Can you clarify whether Atomic<Value> stores its value inline? Storing it out-of-line would introduce cache coherency problems which don’t exist in C/C++. But I’m hoping that move-only types were the missing piece enabling inline storage.

Also, atomicMemoryFence seems like a misnomer to me, because unless the relaxed ordering is used, a fence affects all of a thread’s reads and writes. This goes beyond guaranteeing atomicity of a single value. Shortening the name to memoryFence would avoid over-specificity.

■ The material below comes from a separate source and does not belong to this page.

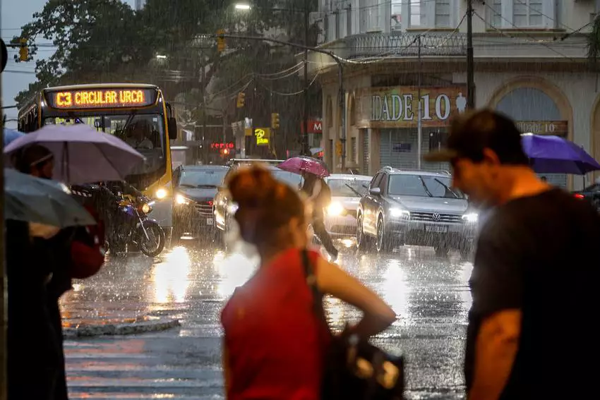 Na quinta-feira (26), a frente avançará sobre o Rio Grande do Sul, com chuvas moderadas a fortes no Norte, Nordeste, Serra, Litoral Norte, Vales e Região Metropolitana de Porto Alegre, acumulando 30 a 70 mm/dia.

Alejandro · September 18, 2023, 10:44pm

Yes!

While atomicMemoryFence itself isn't an atomic operation, it does synchronize memory access and requires an additional atomic operation to set up. I do feel naming this function to something familiar (std::atomic_thread_fence) would be benefit those adopting atomics in Swift. Although to be fair, Rust does just call this fence (fence in std::sync::atomic - Rust) given that not a lot of terminology uses the word fence. We probably would use memoryFence as you mentioned instead of fence though if others think the atomic prefix isn't necessary for this operation.

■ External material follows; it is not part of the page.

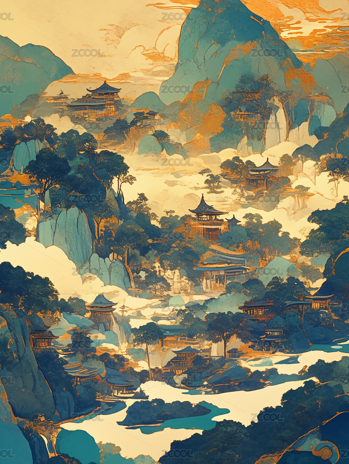 aigc,中国风,水墨,国画,亭子,月光,山,湖,岛,树

tclementdev · September 18, 2023, 11:03pm

Should these be let?

private var _last = Atomic<NodePtr?>(nil)
private var _consumerCount = Atomic<Int>(0)

Alejandro · September 18, 2023, 11:07pm

Yep! I've gone ahead and fixed it, thanks!

rvsrvs · September 18, 2023, 11:20pm

Is the current PR in swift-atomics something that could be used to try the Atomic<Value> type? I'd love to start replacing my uses of ManagedAtomic with that type if that is what is going to move to the stdlib.

Alejandro · September 18, 2023, 11:29pm

Yes, that PR could be used to try this new type out. Keep in mind that that PR doesn't have the protocol hierarchy changes, so using it generically might be a bit more awkward than what's proposed, but simple Atomic<Int> operations and such should all be the same.

filip-sakel · September 19, 2023, 12:13am

Would it make sense to create custom diagnostics when a value of Atomic is stored in a variable binding? Because using a variable binding looks like a very minor change that may needlessly result in undefined behavior.

Joe_Groff · September 19, 2023, 12:35am

It would make sense to provide a diagnostic IMO, though in many cases, the existing "foo was declared var but was never mutated; consider making it a let" diagnostic would kick in already (albeit with language that is maybe not entirely accurate when talking about self-synchronizing types like atomics). To be clear, it isn't undefined behavior to put an atomic into a var, only unnecessarily hazardous at runtime when dynamic exclusivity enforcement is afoot. In cases where exclusivity can be dynamically enforced, it may be useful for Atomic to provide APIs that take advantage of it, such as safely allowing nonatomic accesses when we know we have exclusivity. It still wouldn't ever make sense to use those APIs in conjunction with dynamic exclusivity enforcement if we had them, though.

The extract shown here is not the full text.